● Task brief
Copy out exactly the stretch below, from the line with "Na mesma hora" through the line with "Klassisk vit långärmad", both included; the pictures stay out.

[Data for processing — start]

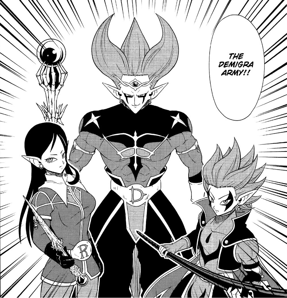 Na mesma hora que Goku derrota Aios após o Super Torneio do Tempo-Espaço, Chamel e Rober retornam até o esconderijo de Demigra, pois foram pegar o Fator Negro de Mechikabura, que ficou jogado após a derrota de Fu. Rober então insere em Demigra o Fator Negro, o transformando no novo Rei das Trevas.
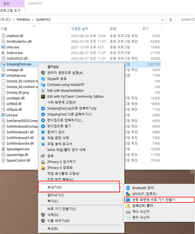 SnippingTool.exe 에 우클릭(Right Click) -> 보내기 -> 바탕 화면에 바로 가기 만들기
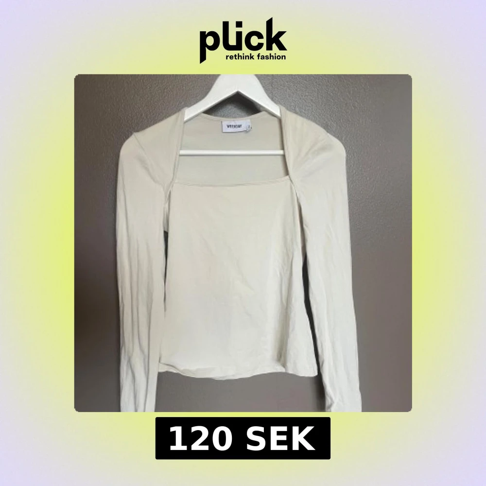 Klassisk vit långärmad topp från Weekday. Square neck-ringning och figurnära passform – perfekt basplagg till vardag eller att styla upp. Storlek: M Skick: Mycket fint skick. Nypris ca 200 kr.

[Data for processing — finish]
[Data for processing — start]

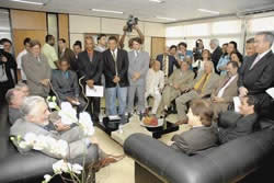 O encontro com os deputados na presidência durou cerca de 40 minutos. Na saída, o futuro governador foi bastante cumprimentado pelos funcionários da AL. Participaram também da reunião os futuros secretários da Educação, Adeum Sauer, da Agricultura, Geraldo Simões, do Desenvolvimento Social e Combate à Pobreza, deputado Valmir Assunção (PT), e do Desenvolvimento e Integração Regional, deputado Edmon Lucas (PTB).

[Data for processing — finish]
[Data for processing — start]

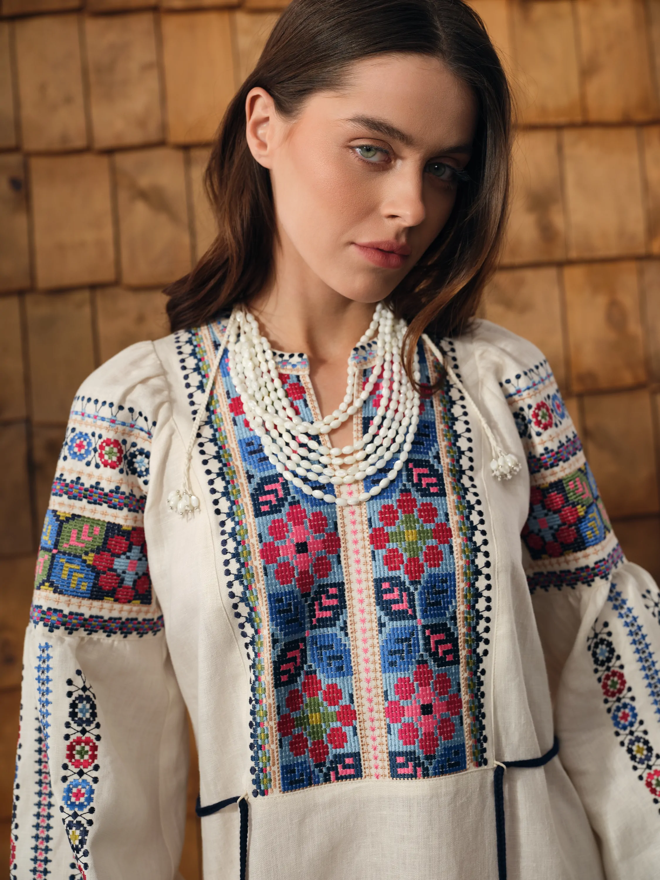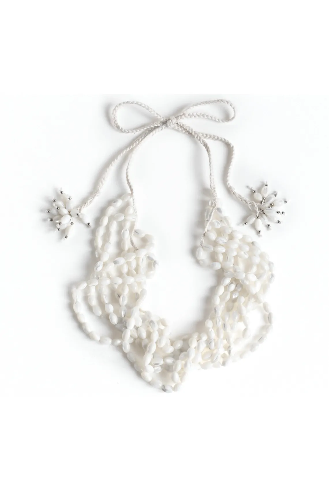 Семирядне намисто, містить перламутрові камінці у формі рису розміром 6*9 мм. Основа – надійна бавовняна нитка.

[Data for processing — finish]

● Solution
 Na mesma hora que Goku derrota Aios após o Super Torneio do Tempo-Espaço, Chamel e Rober retornam até o esconderijo de Demigra, pois foram pegar o Fator Negro de Mechikabura, que ficou jogado após a derrota de Fu. Rober então insere em Demigra o Fator Negro, o transformando no novo Rei das Trevas.
 SnippingTool.exe 에 우클릭(Right Click) -> 보내기 -> 바탕 화면에 바로 가기 만들기
 Klassisk vit långärmad topp från Weekday. Square neck-ringning och figurnära passform – perfekt basplagg till vardag eller att styla upp. Storlek: M Skick: Mycket fint skick. Nypris ca 200 kr.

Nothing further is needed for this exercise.